Die Symptome einer Hypothalamus-Dysfunktion hängen von der Art des beteiligten Hormons ab und davon, ob der Hormonspiegel zu niedrig oder zu hoch ist. Zu den Symptomen eines Hypothalamusproblems können gehören:

  • Hoher Blutdruck oder niedriger Blutdruck
  • Wassereinlagerungen oder Austrocknung
  • Gewichtsverlust oder Gewichtszunahme mit oder ohne Appetitveränderung
  • Unfruchtbarkeit
  • Schlechte Knochengesundheit
  • Verzögerte Pubertät
  • Muskelverlust und -schwäche
  • Schwankungen der Körpertemperatur
  • Schlafstörungen (Insomnie)
  • Häufiges Bedürfnis, zu pinkeln

Eine Notiz von Swip Health

Der Hypothalamus Ihres Gehirns ist das „intelligente Kontrollzentrum“ Ihres Körpers. So wie das „intelligente Steuerungssystem“ Ihres Zuhauses Wärme, Kälte, Sicherheit und alles, was Sie für ein erfolgreich funktionierendes Zuhause benötigen, automatisch anpasst, übernimmt auch Ihr Hypothalamus die gleiche Funktion in Ihrem Körper.

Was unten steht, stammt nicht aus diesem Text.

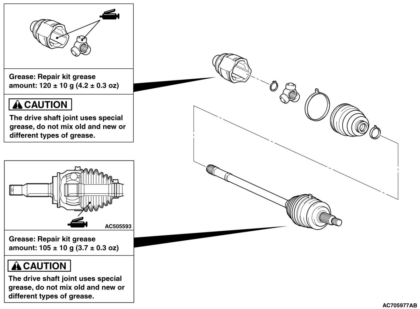 - The driveshaft joint use special grease. Do not mix old and new or different types of grease.

Es arbeitet direkt an Ihrem autonomen System, um Funktionen wie Herzfrequenz, Blutdruck und Körpertemperatur nahtlos zu verwalten. Es wirkt auch durch die Freisetzung von Hormonen, die andere Hormone oder andere Drüsen anweisen, andere Körperfunktionen wie Schlaf, Stimmung, Muskel- und Knochenwachstum und Sexualtrieb zu steuern. Viele Erkrankungen können Ihren Hypothalamus beeinträchtigen und eine Vielzahl von Gesundheitsproblemen verursachen.